Re: PATCH, gdiff, and random-access I/O

On Apr 30, 2004, at 8:53 AM, Justin Chapweske wrote:

>> I would not call the above "random I/O" pattern because you are doing
>> a single fetch and a single patch operation as far as protocol is
>> concerned. The proposed PATCH method and even existing diff formats
>> seem to support the above use case reasonably well.
>>
>> Can you think of any reason why PATCH with common diff formats cannot
>> support the above efficiently?
>
> I was simply raising this as a possible use-case, and it is encouraging
> to hear some initial reports that the existing diff algorithms may be
> able to efficiently support these types of operations.
>
>>
>> I was under impression that you are talking about supporting large
>> volume of micro updates (e.g., remove a single character in the middle
>> of a 100MB file) that must be committed in real time, one by one.
>> Doing so efficiently may require mechanisms different than proposed
>> PATCH.  However, your example seem to be within PATCH scope! Sorry if
>> I misunderstood the true meaning of the "random access I/O" term.
>
> I think large volumes of micro-updates should be efficiently
> implementable as well.  One might expect a WebDAV file system driver
> operating across a LAN to work in this fashion.  I think as long as you
> do without the Content-MD5, and avoid extra copying on the server-side,
> you could end up with reasonably efficient large volume micro-updates.
>
> However, semantically speaking, it probably isn't a good idea to PATCH
> changes to a file while the file is in an unknown state - so I would
> guess something like the write log mechanism might make a lot of sense.
>
> What do the DAV file system driver guys think of this?  Apple?

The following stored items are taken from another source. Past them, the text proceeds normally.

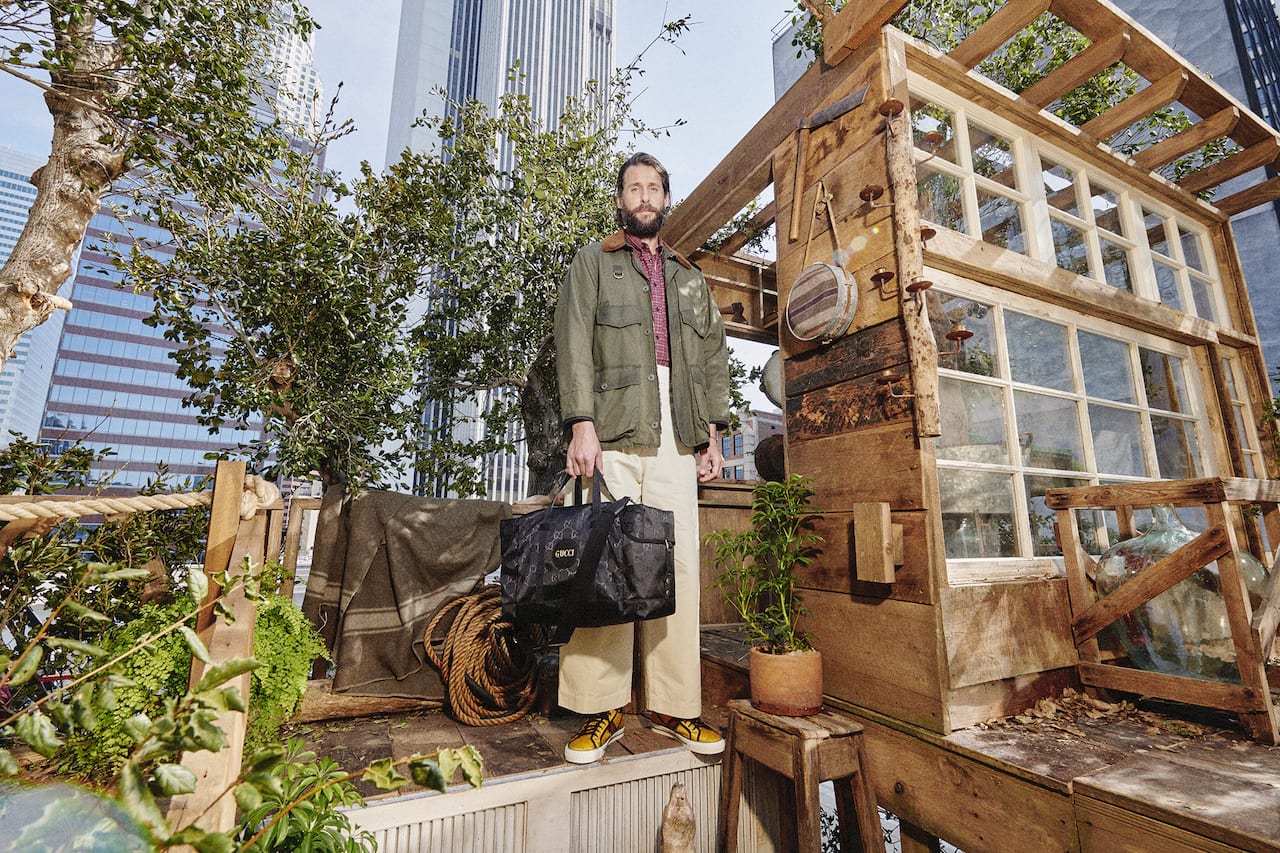 As the first collection in Gucci Circular Lines, Off The Grid champions the regeneration of materials and textiles, wasting less and minimising the use of new resources. The five product ranges covering accessories, ready-to-wear and travel pieces are made of recycled, regenerated, organic, bio-based, and sustainably sourced materials.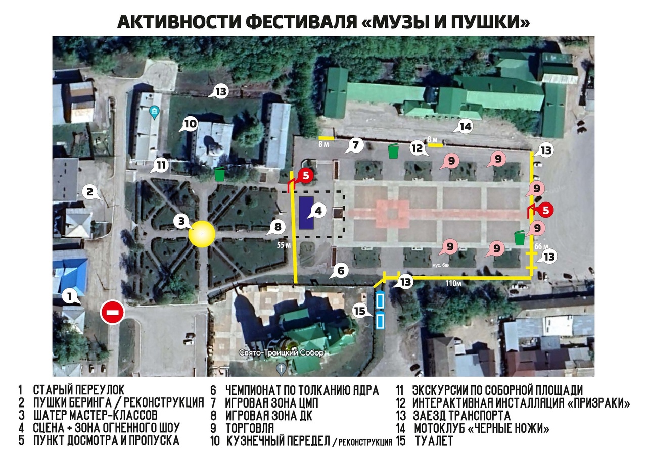 15.00 – Реконструкция "Переда пушек, изготовленных на Каменском железоделательном заводе для Великой Северной экспедиции командра Витуса Беринга весной 1734 года" (ул. Коммолодежи 8-12). Участвуют актеры театра Драма Номер Три. Продолжительность: 30 минут.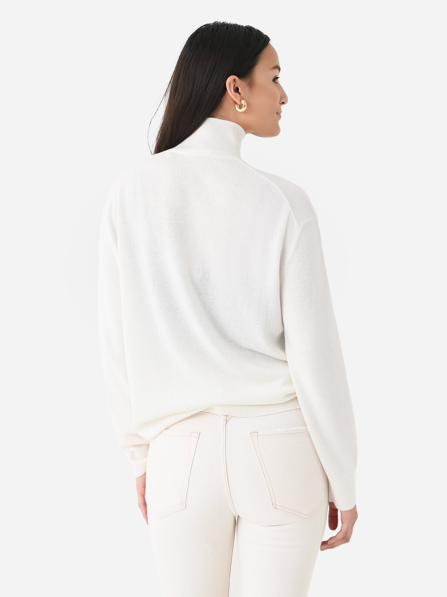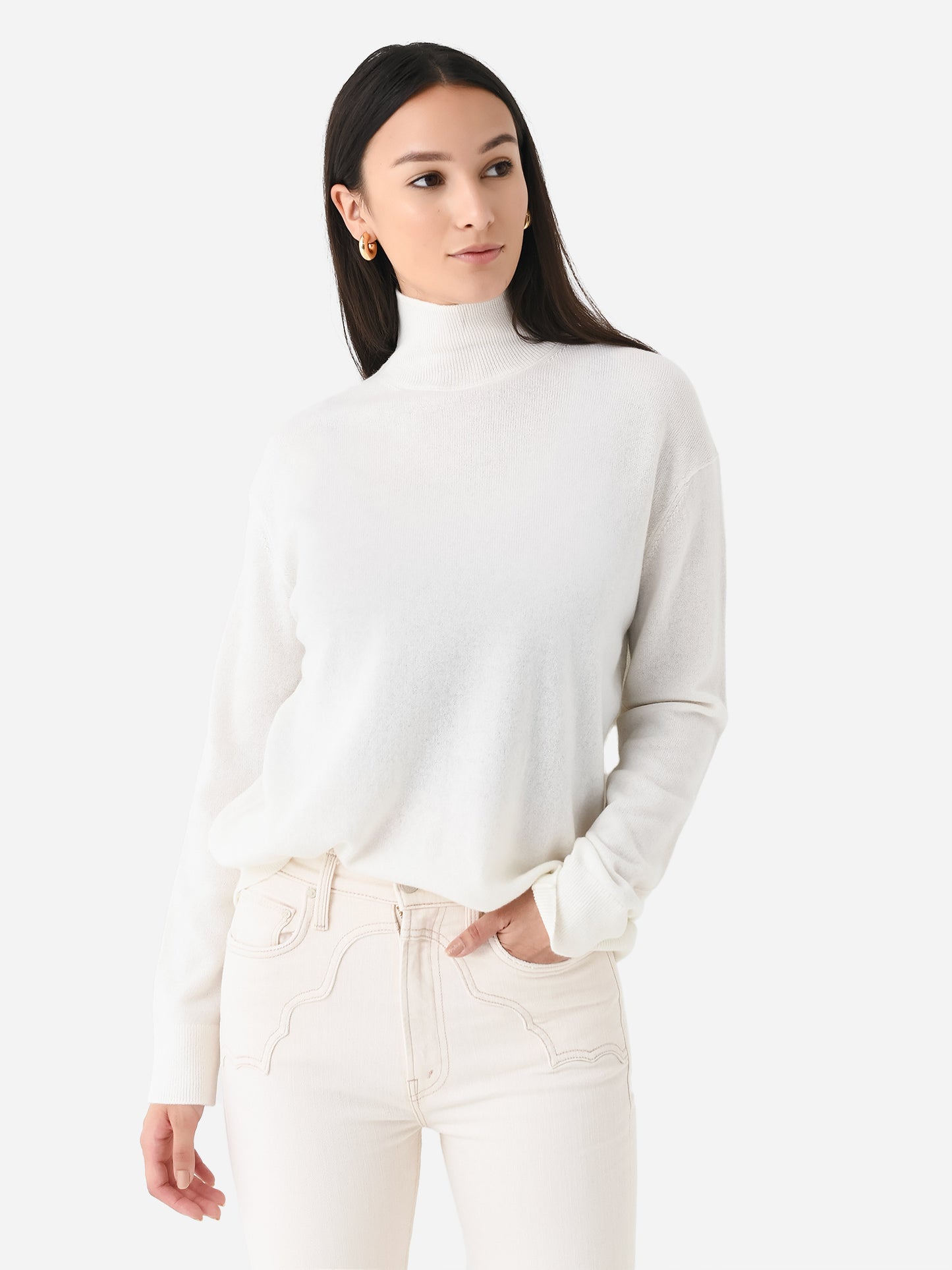 Ultra-soft cashmere turtleneck sweater with an oversized silhouette.

In the current implementation of the Mac OS X WebDAV file system, 
opening a file on a WebDAV file server causes a GET and the resource is 
cached in a file on the root file system. While the file is open, all 
changes are made to the local cache file. The cache file (if changed) 
is pushed to the server with a PUT when the file system receives a 
fsync or close request. So most of the time, there is a single PUT when 
a file is changed on the server. Since the PUT replaces the complete 
resource, a file is always in a consistent state after the PUT is 
complete.

If PATCH were available, I'd have to decide whether to use the existing 
"cache file" model, or use the buffer cache used by the rest of the Mac 
OS X file systems. If I were to stick with the cache file model, then 
I'd keep track of what portions of the cache file have been changed and 
send a single PATCH request to the server when a fsync or close is 
received. If I were to switch to use the buffer cache, I'd send a PATCH 
request whenever memory pressure causes the buffer cache to write a 
file's dirty buffer(s) to the server. That would mean that the resource 
on the server might be in an inconsistent state at times -- this would 
not be different than other network file systems.

- Jim

Received on Friday, 30 April 2004 11:23:22 UTC